Data |

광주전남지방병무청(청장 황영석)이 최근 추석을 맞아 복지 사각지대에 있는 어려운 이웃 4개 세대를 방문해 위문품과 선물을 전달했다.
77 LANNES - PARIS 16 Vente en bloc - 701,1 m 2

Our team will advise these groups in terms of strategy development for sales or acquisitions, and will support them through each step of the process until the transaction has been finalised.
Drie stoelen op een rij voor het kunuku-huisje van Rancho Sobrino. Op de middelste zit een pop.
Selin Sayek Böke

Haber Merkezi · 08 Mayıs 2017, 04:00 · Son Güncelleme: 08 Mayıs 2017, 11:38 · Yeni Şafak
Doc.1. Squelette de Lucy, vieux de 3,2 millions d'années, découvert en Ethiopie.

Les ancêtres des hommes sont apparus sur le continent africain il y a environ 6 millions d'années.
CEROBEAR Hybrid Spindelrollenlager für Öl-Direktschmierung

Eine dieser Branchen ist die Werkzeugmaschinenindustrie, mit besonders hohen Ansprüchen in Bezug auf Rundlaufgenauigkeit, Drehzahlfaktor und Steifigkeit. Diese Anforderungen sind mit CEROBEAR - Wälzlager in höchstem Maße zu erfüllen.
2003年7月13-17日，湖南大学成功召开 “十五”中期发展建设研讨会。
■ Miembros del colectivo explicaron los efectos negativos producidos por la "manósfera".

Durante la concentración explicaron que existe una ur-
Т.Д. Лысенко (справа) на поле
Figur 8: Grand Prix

* * *

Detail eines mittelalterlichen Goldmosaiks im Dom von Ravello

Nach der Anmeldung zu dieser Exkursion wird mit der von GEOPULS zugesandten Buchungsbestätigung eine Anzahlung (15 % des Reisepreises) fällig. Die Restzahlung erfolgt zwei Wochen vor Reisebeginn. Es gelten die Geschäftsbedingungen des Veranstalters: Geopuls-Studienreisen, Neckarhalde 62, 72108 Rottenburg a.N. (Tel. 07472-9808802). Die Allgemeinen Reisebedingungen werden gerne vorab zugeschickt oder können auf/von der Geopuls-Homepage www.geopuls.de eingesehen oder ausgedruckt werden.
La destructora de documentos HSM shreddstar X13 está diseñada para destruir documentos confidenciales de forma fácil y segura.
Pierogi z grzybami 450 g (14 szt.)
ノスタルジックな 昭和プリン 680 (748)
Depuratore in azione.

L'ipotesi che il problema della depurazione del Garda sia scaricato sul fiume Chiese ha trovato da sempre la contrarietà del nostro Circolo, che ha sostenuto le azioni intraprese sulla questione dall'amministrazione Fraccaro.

Exercise directions |
Beginning with the line holding "Drie stoelen op" and ending with the line holding "Figur 8: Grand Prix", write out the stretch of material above exactly; add no further lines.

Exercise answer |
Drie stoelen op een rij voor het kunuku-huisje van Rancho Sobrino. Op de middelste zit een pop.
Selin Sayek Böke

Haber Merkezi · 08 Mayıs 2017, 04:00 · Son Güncelleme: 08 Mayıs 2017, 11:38 · Yeni Şafak
Doc.1. Squelette de Lucy, vieux de 3,2 millions d'années, découvert en Ethiopie.

Les ancêtres des hommes sont apparus sur le continent africain il y a environ 6 millions d'années.
CEROBEAR Hybrid Spindelrollenlager für Öl-Direktschmierung

Eine dieser Branchen ist die Werkzeugmaschinenindustrie, mit besonders hohen Ansprüchen in Bezug auf Rundlaufgenauigkeit, Drehzahlfaktor und Steifigkeit. Diese Anforderungen sind mit CEROBEAR - Wälzlager in höchstem Maße zu erfüllen.
2003年7月13-17日，湖南大学成功召开 “十五”中期发展建设研讨会。
■ Miembros del colectivo explicaron los efectos negativos producidos por la "manósfera".

Durante la concentración explicaron que existe una ur-
Т.Д. Лысенко (справа) на поле
Figur 8: Grand Prix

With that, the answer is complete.